**RAW DATA:**

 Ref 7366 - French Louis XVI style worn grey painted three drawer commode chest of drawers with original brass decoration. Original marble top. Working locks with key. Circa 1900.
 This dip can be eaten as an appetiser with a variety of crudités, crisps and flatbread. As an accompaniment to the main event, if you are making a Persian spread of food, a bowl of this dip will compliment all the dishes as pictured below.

--

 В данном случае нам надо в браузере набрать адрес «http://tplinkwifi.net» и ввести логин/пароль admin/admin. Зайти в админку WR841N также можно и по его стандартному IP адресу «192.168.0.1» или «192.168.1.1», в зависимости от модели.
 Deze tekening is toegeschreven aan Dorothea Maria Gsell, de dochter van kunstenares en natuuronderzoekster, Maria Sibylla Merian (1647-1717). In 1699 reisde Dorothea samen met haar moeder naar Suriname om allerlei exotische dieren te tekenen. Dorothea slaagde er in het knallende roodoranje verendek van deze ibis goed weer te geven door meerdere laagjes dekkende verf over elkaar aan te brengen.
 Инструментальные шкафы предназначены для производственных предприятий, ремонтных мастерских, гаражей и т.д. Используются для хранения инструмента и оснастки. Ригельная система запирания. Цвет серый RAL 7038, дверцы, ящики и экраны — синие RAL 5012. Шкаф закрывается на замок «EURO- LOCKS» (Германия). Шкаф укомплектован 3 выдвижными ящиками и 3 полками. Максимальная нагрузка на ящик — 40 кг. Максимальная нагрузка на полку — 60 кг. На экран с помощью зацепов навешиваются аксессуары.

**EXERCISE AIM:** Take each line from the preceding material that contains "with" and copy it.

**SOLUTION:**
 Ref 7366 - French Louis XVI style worn grey painted three drawer commode chest of drawers with original brass decoration. Original marble top. Working locks with key. Circa 1900.
 This dip can be eaten as an appetiser with a variety of crudités, crisps and flatbread. As an accompaniment to the main event, if you are making a Persian spread of food, a bowl of this dip will compliment all the dishes as pictured below.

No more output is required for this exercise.